Since Communist Party of China general secretary Hu Jintao’s 2008 directive that “Hainan must develop a modern service sector with tourism at the forefront,” all of Hainan, and Sanya in particular, has applied itself to the realization of this goal. Consequently, the bulk of the investment injected into the island has been directed into tourism-related assets.
Alex Tsai, the Sanya-region manager for Hainan Versailles Catering & Entertainment Management Co., is the son of Tsai Pao-liang, president of the Taiwan Businessmen Association, Sanya. Just 29 years old, the younger Tsai now runs his family’s Sanya restaurants and KTV businesses.
He recommends that future Taiwanese investors in Hainan focus on projects that are big, unique (such as a theme park, which Sanya currently lacks), accessible (such as inexpensive KTVs), or “high-class” (such as five-star hotels), projects oriented around recreation and tourism, and that have their own niche. He argues that profitable businesses don’t necessarily earn their money from the mass of consumers. More often, they earn it by targeting specific groups of consumers.
Anita Huang, deputy general manager of the Taiwanese owned and operated Le Parker, a five-star hotel located in Sanya, says that even more than financial capital, Hainan lacks “human capital.” She explains that Hainan’s service-industry workers lack the attention to detail of their Taiwanese counterparts.
The degree to which ordinary employees just “don’t care” drives Huang batty. She says that she’s constantly reminding employees to use standard polite expressions such as “please,” “thank you,” and “excuse me,” but “no matter how many times you tell them, they always forget.”

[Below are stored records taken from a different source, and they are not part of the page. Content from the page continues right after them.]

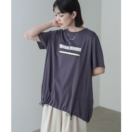 上品な箔風ロゴが目を引く、大人カジュアルにぴったりのデザインTシャツ。フロントのロゴがさりげないアクセントになり、シンプルながら一枚で着映えするアイテムです。ゆったりとしたシルエットで体のラインを拾いにくく、気になる腰まわりも自然にカバー。裾にはドロストコードを施し、絞ることでシルエットの変化を楽しめるのもポイントです。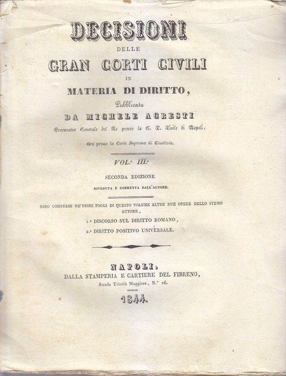 DECISIONI GRAN CORTI CIVILI IN MATERIA DI DIRITTO volume 3 Agresti 1844 libro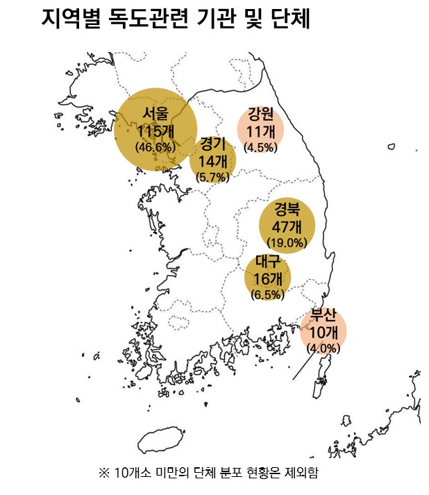 국내외에서 다양한 독도수호활동을 전개하고 있는 독도관련 기관 및 단체는 약 250여 곳으로 경상북도 출연기관인 (재)독도재단의 조사 결과로 나타났다. 이는 지난 2015년 조사 결과(142곳)보다 약 1.7배 이상 증가한 수치이다.

“The quality of service reflects the educational and cultural background,” says Huang. She recommends that new graduates of Taiwanese hospitality programs consider working on Hainan for a time. If they can get past the starting salaries of just RMB1,400 a month (roughly NT$7,000), the experience of working in what has become China’s hottest winter tourism destination will broaden their perspectives and enrich their résumés.
Though present-day Hainan still contains elements of its past, it is clearly no longer the special economic zone of 1988.
Having experienced the joy of cheap land, hemorrhaged profits during the bubble years, and agonized over the seizure of agricultural land, the first generation of Taiwanese investors warns the ambitious younger generation of investors: “Unless you have deep pockets, stay home.”
The younger generation, which has jumped on the “international tourism” bandwagon, offers advice of its own: “Unless you’re going to invest in the right areas, stay home!”
In spite of having lost much of their land, Taiwanese businesspeople have maintained a foothold on Hainan. But can they get in step with Hainan’s march towards development? Nowadays, they need to give the question serious thought before plunking down their cash.